--- Provided data Enclosed Below ---

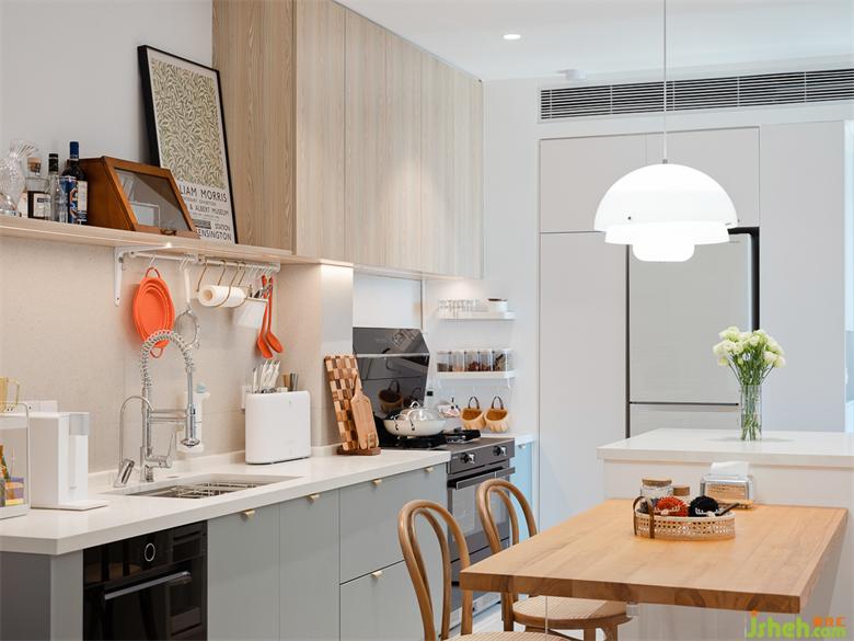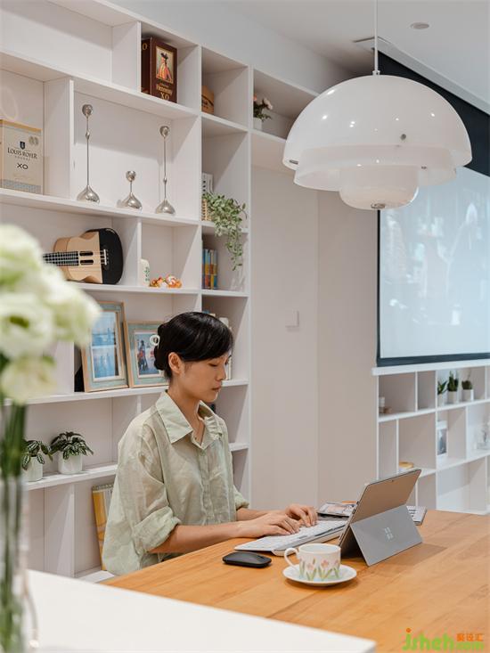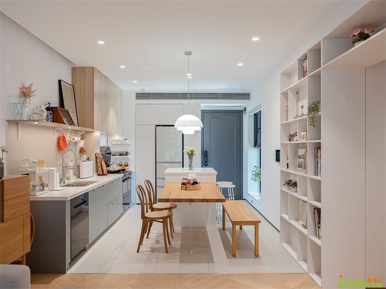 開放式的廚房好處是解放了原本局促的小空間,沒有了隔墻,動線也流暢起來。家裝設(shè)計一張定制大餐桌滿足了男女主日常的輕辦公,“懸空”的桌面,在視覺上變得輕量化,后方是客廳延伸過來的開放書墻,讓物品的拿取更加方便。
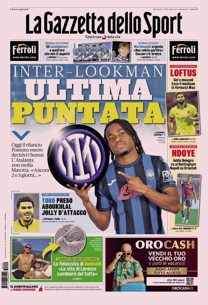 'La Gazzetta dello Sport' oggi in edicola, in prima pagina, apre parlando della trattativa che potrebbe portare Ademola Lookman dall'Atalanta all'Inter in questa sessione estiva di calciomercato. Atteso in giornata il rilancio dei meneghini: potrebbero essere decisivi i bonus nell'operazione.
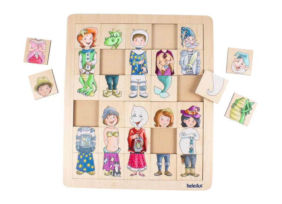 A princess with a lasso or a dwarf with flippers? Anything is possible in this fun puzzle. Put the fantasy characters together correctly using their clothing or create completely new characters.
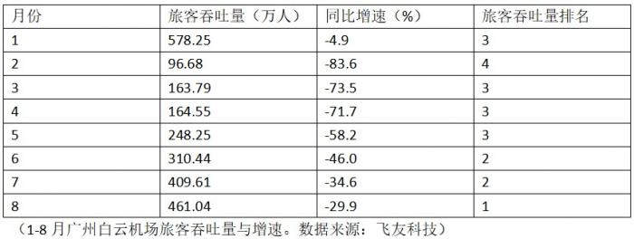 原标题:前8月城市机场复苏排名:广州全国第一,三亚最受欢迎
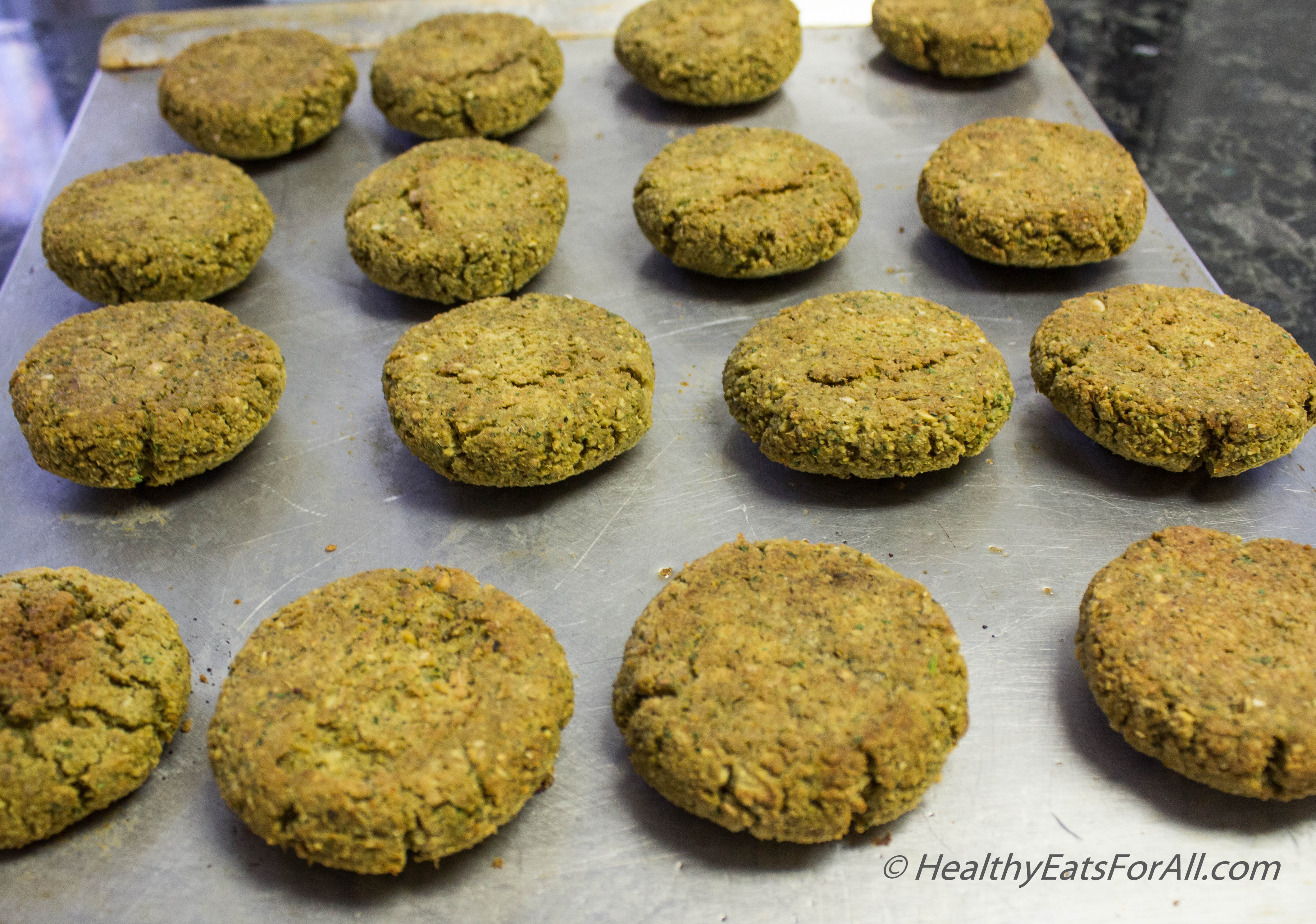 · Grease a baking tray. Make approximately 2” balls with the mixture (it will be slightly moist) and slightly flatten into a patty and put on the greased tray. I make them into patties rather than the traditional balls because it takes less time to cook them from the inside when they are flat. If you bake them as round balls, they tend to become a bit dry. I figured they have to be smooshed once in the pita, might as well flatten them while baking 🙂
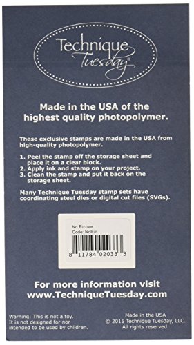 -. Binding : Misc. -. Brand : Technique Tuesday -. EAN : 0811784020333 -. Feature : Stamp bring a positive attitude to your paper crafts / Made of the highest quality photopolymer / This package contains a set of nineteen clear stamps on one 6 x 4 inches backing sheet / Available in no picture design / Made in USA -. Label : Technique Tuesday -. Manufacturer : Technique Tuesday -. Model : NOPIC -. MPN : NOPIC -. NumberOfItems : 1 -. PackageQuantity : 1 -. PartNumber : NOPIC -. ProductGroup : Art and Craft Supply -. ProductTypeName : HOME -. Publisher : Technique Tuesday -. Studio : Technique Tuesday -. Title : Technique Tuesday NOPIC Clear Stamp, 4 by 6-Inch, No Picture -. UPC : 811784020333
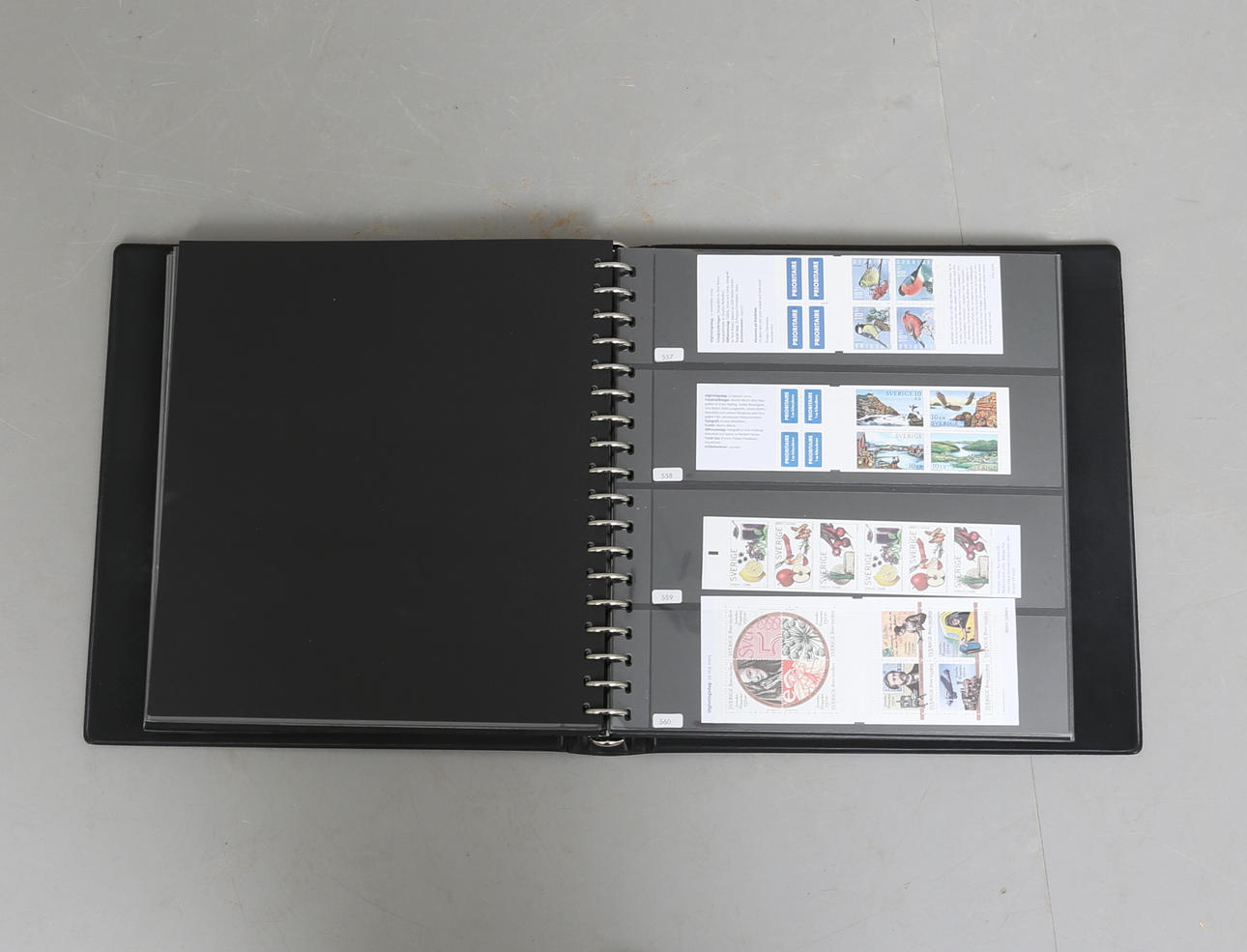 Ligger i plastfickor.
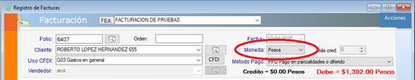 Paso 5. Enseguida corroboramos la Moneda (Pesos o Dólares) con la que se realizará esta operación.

--- End of Enclosed Provided data ---

:: Required action ::
When you copy the listing above, reproduce every line exactly and skip the images.

:: Worked solution ::
 開放式的廚房好處是解放了原本局促的小空間,沒有了隔墻,動線也流暢起來。家裝設(shè)計一張定制大餐桌滿足了男女主日常的輕辦公,“懸空”的桌面,在視覺上變得輕量化,后方是客廳延伸過來的開放書墻,讓物品的拿取更加方便。
 'La Gazzetta dello Sport' oggi in edicola, in prima pagina, apre parlando della trattativa che potrebbe portare Ademola Lookman dall'Atalanta all'Inter in questa sessione estiva di calciomercato. Atteso in giornata il rilancio dei meneghini: potrebbero essere decisivi i bonus nell'operazione.
 A princess with a lasso or a dwarf with flippers? Anything is possible in this fun puzzle. Put the fantasy characters together correctly using their clothing or create completely new characters.
 原标题:前8月城市机场复苏排名:广州全国第一,三亚最受欢迎
 · Grease a baking tray. Make approximately 2” balls with the mixture (it will be slightly moist) and slightly flatten into a patty and put on the greased tray. I make them into patties rather than the traditional balls because it takes less time to cook them from the inside when they are flat. If you bake them as round balls, they tend to become a bit dry. I figured they have to be smooshed once in the pita, might as well flatten them while baking 🙂
 -. Binding : Misc. -. Brand : Technique Tuesday -. EAN : 0811784020333 -. Feature : Stamp bring a positive attitude to your paper crafts / Made of the highest quality photopolymer / This package contains a set of nineteen clear stamps on one 6 x 4 inches backing sheet / Available in no picture design / Made in USA -. Label : Technique Tuesday -. Manufacturer : Technique Tuesday -. Model : NOPIC -. MPN : NOPIC -. NumberOfItems : 1 -. PackageQuantity : 1 -. PartNumber : NOPIC -. ProductGroup : Art and Craft Supply -. ProductTypeName : HOME -. Publisher : Technique Tuesday -. Studio : Technique Tuesday -. Title : Technique Tuesday NOPIC Clear Stamp, 4 by 6-Inch, No Picture -. UPC : 811784020333
 Ligger i plastfickor.
 Paso 5. Enseguida corroboramos la Moneda (Pesos o Dólares) con la que se realizará esta operación.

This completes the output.